### Problem to work on
Omit all images, then repeat exactly the lines below from the one containing "Te cechy przekładają" through the one containing "کابل تبدیل USB", both ends included.

### Material for this task
======
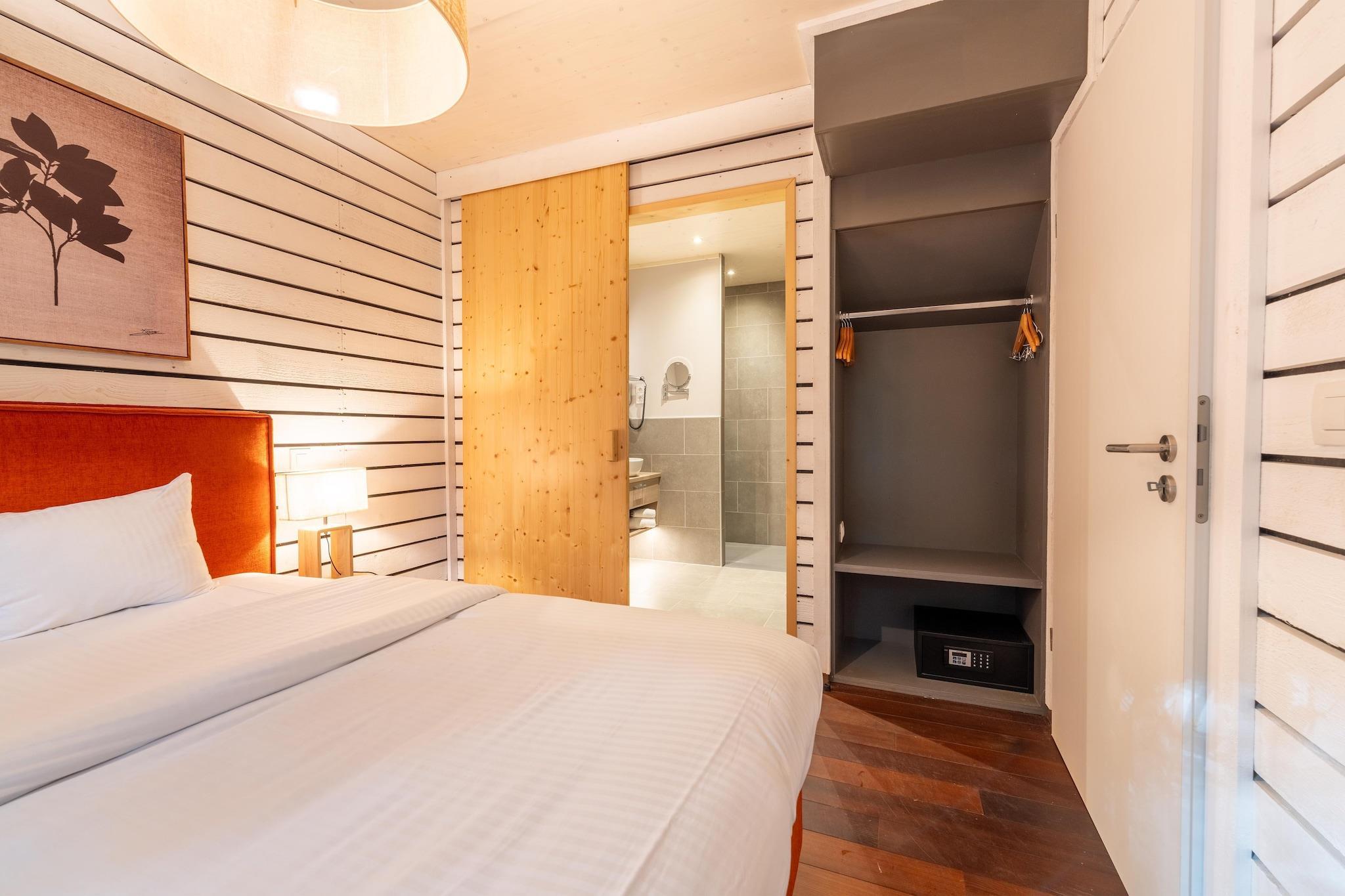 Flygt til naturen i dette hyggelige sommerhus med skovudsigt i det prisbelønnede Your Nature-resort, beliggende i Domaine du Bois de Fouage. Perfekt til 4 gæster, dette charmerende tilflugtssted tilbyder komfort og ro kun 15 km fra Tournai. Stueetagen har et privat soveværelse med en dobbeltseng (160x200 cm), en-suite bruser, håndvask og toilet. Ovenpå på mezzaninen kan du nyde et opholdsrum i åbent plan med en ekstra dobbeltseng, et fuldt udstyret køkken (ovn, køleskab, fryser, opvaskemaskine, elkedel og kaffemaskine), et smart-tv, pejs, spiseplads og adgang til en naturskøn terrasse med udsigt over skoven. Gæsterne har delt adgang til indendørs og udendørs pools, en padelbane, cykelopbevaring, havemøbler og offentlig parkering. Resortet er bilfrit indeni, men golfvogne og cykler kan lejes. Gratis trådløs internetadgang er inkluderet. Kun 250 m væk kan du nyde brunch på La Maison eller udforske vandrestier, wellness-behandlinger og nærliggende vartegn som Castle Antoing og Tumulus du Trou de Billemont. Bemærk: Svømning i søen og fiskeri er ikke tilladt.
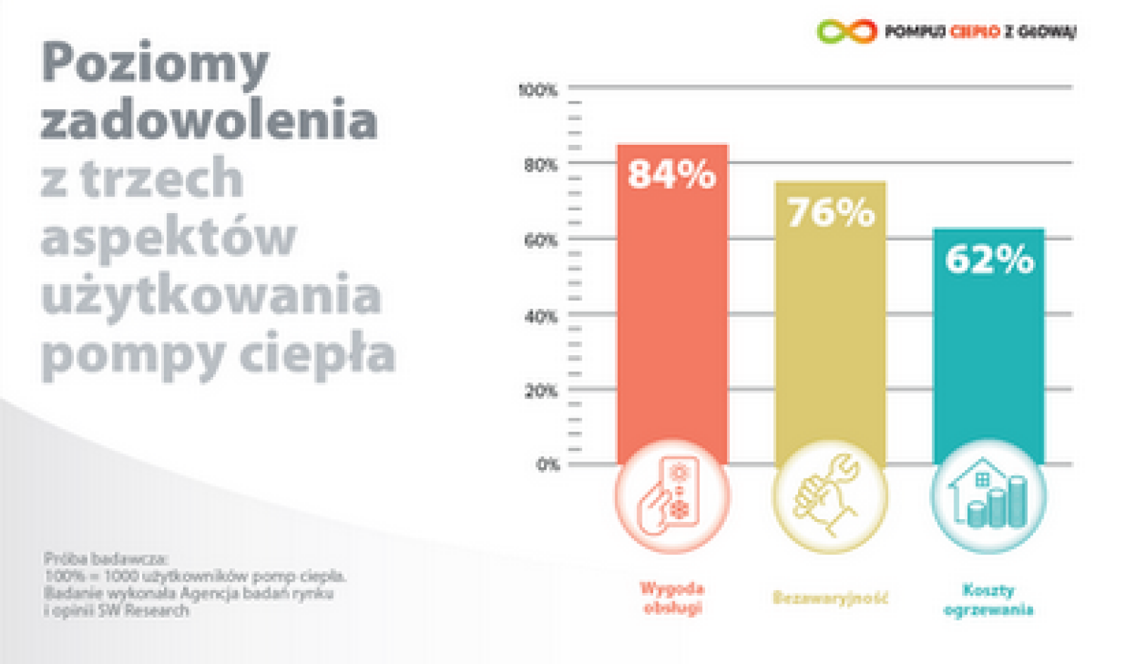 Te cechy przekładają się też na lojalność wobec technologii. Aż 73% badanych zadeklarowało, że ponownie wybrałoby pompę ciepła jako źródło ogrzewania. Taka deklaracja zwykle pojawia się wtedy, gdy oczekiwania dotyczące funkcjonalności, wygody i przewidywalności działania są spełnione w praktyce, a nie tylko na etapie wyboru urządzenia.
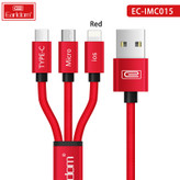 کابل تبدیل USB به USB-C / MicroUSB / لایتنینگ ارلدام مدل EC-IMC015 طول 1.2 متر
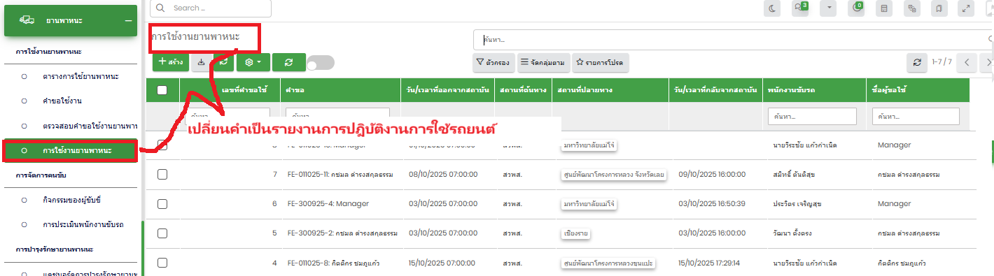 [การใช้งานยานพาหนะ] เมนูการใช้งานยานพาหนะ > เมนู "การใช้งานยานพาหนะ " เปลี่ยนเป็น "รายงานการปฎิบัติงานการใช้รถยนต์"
======
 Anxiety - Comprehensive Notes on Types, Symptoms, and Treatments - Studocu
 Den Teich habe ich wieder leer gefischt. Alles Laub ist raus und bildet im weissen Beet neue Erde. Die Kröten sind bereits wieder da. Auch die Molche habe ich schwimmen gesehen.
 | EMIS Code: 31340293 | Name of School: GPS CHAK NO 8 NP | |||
======
### Exercise response
 Te cechy przekładają się też na lojalność wobec technologii. Aż 73% badanych zadeklarowało, że ponownie wybrałoby pompę ciepła jako źródło ogrzewania. Taka deklaracja zwykle pojawia się wtedy, gdy oczekiwania dotyczące funkcjonalności, wygody i przewidywalności działania są spełnione w praktyce, a nie tylko na etapie wyboru urządzenia.
 کابل تبدیل USB به USB-C / MicroUSB / لایتنینگ ارلدام مدل EC-IMC015 طول 1.2 متر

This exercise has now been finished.